Though they were there to help others, the students took away from the experience better insight into the plight of those less fortunate. Some of the students spent the entire night at the church, sleeping on cots just as the dozen or so guests did that night.

The personal discovery journey was arranged by the university's Community Service Coordinator Kirstine Odegard, who spent one night last year doing the same thing and learned firsthand that many who showed up for assistance were "people like us."

For 15 years, the United Methodist Church has participated in the community assistance program, operated by Lutheran Social Services. It rotates during winter months among various churches.

On Friday night, after the meal served by St. Paschal Baylon Church volunteers, the students stepped in to chat with shelter guests.

Carlos Lopez, 22, a business and political science major, conceded he was surprised to learn there was "a huge presence of homeless" in Thousand Oaks. "They start out different places, but life brings them together here."

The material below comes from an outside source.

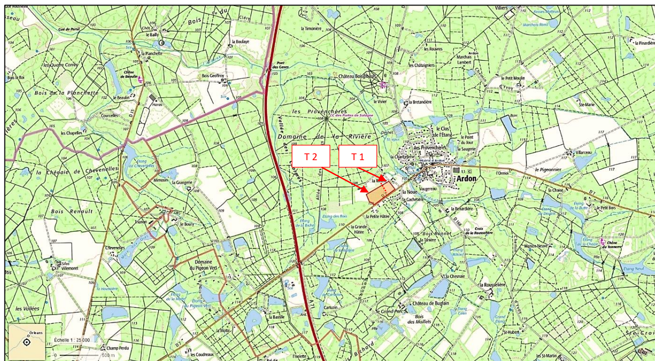
Figure 1 : Plan de situation au 1/25 000 du projet

Biology major Brett Waverly, 22, said that his initial perception was that "the homeless were messed up. But these people are hard workers trying to make a difference, support their families."

Once the meal was over and the round dinner tables dismantled, a closet stuffed with cots, sheets and blankets was opened up and emptied for the overnighters. The dozen were about a third of the previous week's guests.

University student Rachel Breen, 19, a liberal studies student visualizing a career in elementary education, had probably the most intense interaction of all. She said her own family lived in a shelter in another state before she was born and that as a teen she chose to stay in a shelter for several months with an aunt and her children, to help out. Breen said she didn't like it when she heard people said those showing up for free meals and needing a warm safe place to sleep at night were lazy, that they needed to get jobs.

"It's not about just alcoholism and mental illness, instead it might be circumstantial. The economy. Divorce. Losing a job." She said her aunt was a "hardworking woman" holding several jobs but unable to make ends meet. Breen said she watched the kids while their mom — her aunt — filled out job applications and went on interviews.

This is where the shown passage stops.